*** Opening of Information provided ***

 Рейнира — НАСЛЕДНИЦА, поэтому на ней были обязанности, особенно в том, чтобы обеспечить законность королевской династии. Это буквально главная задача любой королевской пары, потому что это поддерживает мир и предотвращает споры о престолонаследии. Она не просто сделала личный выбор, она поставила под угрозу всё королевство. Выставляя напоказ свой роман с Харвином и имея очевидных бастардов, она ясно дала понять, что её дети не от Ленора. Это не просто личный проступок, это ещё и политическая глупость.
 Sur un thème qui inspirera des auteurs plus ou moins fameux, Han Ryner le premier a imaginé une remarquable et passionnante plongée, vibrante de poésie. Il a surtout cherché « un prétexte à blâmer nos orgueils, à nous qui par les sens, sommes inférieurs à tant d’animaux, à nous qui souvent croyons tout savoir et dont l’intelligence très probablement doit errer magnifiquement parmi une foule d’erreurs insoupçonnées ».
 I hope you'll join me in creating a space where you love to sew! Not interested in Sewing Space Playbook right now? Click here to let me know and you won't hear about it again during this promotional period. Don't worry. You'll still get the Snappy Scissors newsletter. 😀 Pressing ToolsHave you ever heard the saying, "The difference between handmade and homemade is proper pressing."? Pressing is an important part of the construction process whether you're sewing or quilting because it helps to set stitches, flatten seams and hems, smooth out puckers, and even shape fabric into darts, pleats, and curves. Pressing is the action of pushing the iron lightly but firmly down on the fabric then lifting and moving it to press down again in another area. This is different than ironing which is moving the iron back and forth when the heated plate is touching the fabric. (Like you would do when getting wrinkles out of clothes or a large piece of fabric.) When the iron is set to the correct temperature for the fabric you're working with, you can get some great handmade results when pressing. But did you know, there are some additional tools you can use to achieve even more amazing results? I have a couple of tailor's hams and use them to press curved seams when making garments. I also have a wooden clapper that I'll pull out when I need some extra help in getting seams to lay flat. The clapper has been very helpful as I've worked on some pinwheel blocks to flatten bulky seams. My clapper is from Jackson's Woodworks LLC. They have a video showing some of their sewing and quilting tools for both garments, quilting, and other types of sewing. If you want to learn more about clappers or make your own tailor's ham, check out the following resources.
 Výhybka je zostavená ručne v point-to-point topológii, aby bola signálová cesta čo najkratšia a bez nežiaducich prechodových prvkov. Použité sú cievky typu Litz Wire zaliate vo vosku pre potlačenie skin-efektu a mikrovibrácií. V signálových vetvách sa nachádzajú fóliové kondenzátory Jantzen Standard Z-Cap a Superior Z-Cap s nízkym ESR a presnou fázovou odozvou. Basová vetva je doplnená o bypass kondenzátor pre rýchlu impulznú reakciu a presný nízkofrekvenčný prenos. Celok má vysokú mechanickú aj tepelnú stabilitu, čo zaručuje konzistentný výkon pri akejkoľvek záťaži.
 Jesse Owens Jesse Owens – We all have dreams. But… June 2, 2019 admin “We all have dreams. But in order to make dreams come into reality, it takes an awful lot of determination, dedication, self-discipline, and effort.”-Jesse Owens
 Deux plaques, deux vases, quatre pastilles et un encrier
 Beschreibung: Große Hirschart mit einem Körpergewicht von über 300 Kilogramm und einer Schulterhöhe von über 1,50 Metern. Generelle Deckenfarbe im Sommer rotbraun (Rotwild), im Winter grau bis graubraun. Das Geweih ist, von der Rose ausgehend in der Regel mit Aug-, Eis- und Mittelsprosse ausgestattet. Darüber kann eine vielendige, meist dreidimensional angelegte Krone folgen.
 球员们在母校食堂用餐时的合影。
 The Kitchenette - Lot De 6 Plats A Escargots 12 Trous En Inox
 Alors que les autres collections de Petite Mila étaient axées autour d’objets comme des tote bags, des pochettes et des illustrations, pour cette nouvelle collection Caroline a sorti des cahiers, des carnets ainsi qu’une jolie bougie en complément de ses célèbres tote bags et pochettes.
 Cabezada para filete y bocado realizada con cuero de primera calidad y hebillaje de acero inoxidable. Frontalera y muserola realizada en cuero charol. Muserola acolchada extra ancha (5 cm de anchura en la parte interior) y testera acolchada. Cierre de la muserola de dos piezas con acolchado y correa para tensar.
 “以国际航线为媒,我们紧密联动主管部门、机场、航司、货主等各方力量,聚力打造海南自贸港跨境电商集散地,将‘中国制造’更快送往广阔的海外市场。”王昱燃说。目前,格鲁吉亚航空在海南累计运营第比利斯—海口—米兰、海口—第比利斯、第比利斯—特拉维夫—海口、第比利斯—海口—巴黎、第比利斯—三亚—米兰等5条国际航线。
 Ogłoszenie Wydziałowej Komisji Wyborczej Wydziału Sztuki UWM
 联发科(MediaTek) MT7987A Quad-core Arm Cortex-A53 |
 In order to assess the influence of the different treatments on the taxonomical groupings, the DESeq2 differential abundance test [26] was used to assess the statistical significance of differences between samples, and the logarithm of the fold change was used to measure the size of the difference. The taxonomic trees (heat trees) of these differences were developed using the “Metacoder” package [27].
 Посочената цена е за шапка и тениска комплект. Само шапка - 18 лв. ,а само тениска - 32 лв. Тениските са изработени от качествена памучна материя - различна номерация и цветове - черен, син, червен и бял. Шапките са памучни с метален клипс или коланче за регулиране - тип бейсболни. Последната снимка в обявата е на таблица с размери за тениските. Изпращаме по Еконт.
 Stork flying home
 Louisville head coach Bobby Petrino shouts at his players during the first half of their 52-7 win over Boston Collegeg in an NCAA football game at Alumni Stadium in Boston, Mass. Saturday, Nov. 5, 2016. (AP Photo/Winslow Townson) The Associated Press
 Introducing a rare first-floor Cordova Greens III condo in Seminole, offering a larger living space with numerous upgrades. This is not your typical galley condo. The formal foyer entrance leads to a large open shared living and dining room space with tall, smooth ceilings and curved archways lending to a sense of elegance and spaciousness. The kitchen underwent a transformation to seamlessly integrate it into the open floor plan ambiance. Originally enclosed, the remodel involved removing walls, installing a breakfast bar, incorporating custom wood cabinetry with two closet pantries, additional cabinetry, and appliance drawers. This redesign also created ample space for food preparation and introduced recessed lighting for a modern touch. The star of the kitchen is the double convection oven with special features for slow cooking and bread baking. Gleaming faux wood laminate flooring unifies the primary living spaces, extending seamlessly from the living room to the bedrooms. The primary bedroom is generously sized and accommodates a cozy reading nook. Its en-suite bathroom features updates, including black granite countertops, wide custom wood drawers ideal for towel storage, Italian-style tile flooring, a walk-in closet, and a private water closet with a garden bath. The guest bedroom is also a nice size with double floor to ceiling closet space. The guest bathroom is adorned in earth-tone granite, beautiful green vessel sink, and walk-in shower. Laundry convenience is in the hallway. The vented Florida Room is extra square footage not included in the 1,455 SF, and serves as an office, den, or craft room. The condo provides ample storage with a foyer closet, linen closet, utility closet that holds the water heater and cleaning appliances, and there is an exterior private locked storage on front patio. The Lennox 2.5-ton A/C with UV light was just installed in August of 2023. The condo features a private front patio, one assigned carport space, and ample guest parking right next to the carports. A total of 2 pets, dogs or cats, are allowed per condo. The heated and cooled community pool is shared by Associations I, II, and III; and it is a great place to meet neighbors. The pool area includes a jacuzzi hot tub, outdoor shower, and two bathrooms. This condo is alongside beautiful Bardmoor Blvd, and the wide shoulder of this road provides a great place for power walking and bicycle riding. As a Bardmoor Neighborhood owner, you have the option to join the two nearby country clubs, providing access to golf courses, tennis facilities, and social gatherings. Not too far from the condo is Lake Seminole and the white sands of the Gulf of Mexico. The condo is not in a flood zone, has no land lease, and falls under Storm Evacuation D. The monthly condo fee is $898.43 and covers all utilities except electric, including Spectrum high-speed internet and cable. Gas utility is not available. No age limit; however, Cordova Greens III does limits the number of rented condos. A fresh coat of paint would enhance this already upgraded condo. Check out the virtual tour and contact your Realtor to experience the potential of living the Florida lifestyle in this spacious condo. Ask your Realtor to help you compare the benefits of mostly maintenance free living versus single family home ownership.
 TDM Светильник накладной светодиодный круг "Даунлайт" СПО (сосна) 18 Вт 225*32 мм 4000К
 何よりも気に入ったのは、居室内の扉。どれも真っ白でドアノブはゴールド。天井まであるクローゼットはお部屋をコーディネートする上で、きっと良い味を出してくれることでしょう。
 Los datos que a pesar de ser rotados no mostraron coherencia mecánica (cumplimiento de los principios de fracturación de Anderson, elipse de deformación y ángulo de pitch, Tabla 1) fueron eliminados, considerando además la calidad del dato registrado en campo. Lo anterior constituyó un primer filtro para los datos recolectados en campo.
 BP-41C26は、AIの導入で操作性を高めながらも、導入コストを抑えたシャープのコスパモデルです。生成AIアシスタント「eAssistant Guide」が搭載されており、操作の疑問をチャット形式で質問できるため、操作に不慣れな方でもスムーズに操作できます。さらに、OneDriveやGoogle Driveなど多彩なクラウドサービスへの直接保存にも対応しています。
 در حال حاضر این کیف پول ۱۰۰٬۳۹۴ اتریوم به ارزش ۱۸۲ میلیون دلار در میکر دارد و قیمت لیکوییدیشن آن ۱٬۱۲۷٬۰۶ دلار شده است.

*** Close of Information provided ***

* [Exercise aim] What you return must be the lines above that run from the line with "Ogłoszenie Wydziałowej Komisji" to the line with "In order to assess", inclusive, each copied exactly.

* [Result of this task]
 Ogłoszenie Wydziałowej Komisji Wyborczej Wydziału Sztuki UWM
 联发科(MediaTek) MT7987A Quad-core Arm Cortex-A53 |
 In order to assess the influence of the different treatments on the taxonomical groupings, the DESeq2 differential abundance test [26] was used to assess the statistical significance of differences between samples, and the logarithm of the fold change was used to measure the size of the difference. The taxonomic trees (heat trees) of these differences were developed using the “Metacoder” package [27].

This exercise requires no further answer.